══ THE DATA

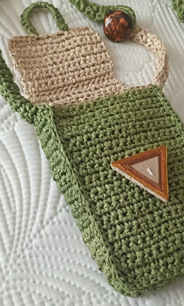 100% fibre de bois crochetée 2 tons, vert nature et naturel. Dimensions 18x11x3,5cm .
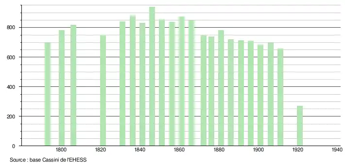 L'évolution démographique de Coucy-le-Château avant la fusion avec Auffrique-et-Nogent était :
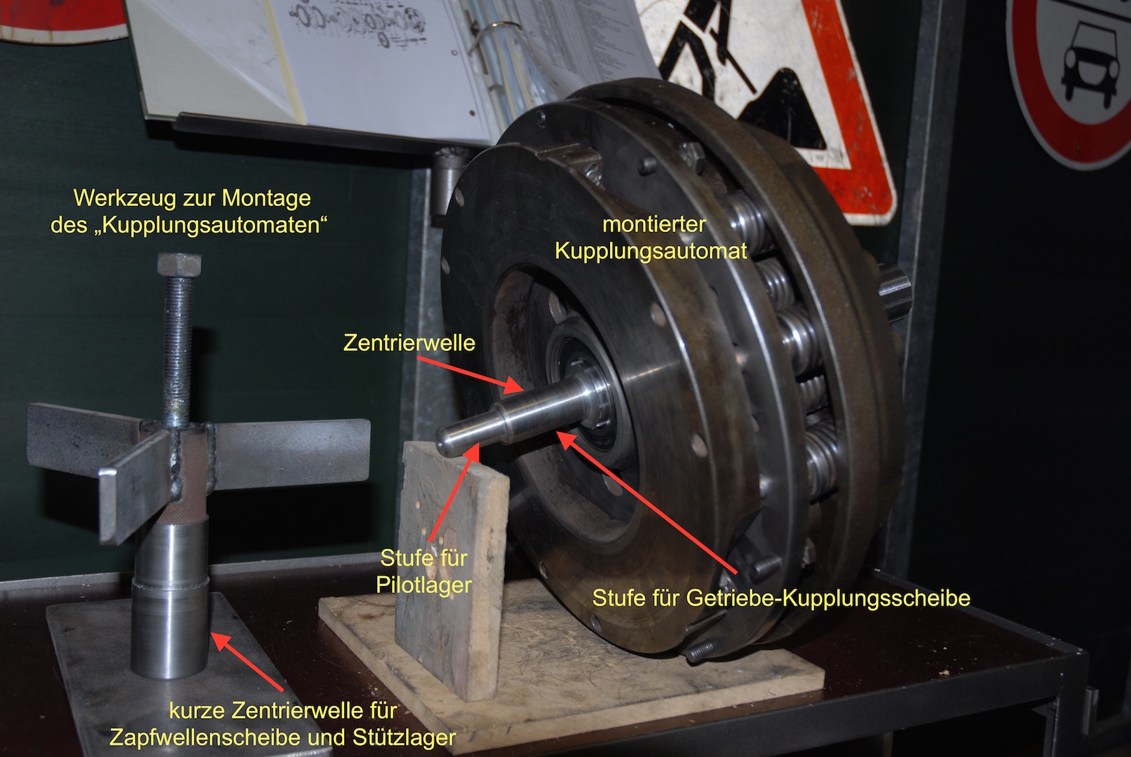 Das erste Werkzeug hat zwei Funktionen. Wichtig ist, dass schon beim Zusammenbau des “Kupplungsautomaten” die Zapfwellenscheibe mit dem davor befindlichen Stützkugellager zentriert wird. Das geschieht mit einem kurzen Stück abgestufter Welle. Gleichzeitig wird eine Vorrichtung gebraucht, mit der die Federn des “Kupplungsautomaten” zwecks Zusamenbau niedergedrückt werden können. SAME hat dafür ein tolles Werkzeug. Mit meinem improvisierten Werkzeug ging es aber auch.
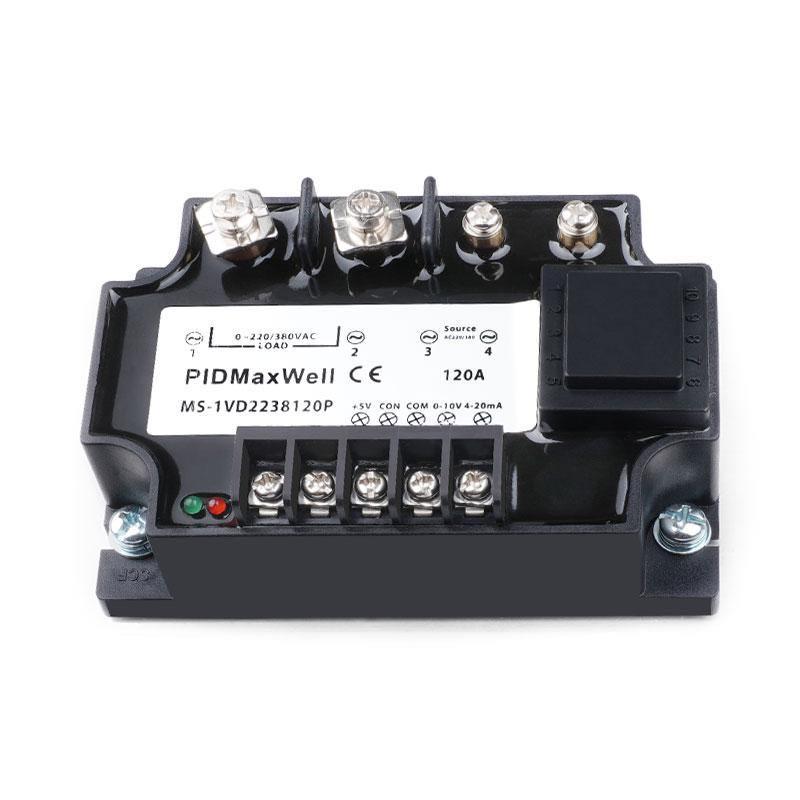 A série MS-1VD2238 da Maxwell é um regulador de potência SCR monofásico isolado de alta precisão e excelente custo-benefício, projetado para controle preciso do ângulo de fase. Com um design versátil de múltiplas entradas, este módulo tiristor avançado suporta simultaneamente sinais de 0-5 Vcc, 0-10 Vcc, 4-20 mA e controle de potenciômetro sem a necessidade de modificações de hardware. Projetado com isolamento óptico entre os circuitos de entrada e saída, garante máxima segurança operacional e integridade do sinal. Disponível em uma ampla faixa de corrente de 10 A a 200 A para cargas de 220 Vca e 380 Vca, a série MS-1VD2238 incorpora um circuito de partida suave integrado e um buffer interno (snubber) para proteção contra surtos de tensão. Alojado em uma caixa durável e resistente ao fogo com vedação em resina, este regulador para montagem em painel é a solução ideal para controlar elementos de aquecimento resistivo em ambientes industriais exigentes.

════

#### [TASK GOAL]
Write out exactly the lines that run from the top of the listing above to the line containing "Das erste Werkzeug", both ends included. Omit every picture.

#### [YOUR SOLUTION]
 100% fibre de bois crochetée 2 tons, vert nature et naturel. Dimensions 18x11x3,5cm .
 L'évolution démographique de Coucy-le-Château avant la fusion avec Auffrique-et-Nogent était :
 Das erste Werkzeug hat zwei Funktionen. Wichtig ist, dass schon beim Zusammenbau des “Kupplungsautomaten” die Zapfwellenscheibe mit dem davor befindlichen Stützkugellager zentriert wird. Das geschieht mit einem kurzen Stück abgestufter Welle. Gleichzeitig wird eine Vorrichtung gebraucht, mit der die Federn des “Kupplungsautomaten” zwecks Zusamenbau niedergedrückt werden können. SAME hat dafür ein tolles Werkzeug. Mit meinem improvisierten Werkzeug ging es aber auch.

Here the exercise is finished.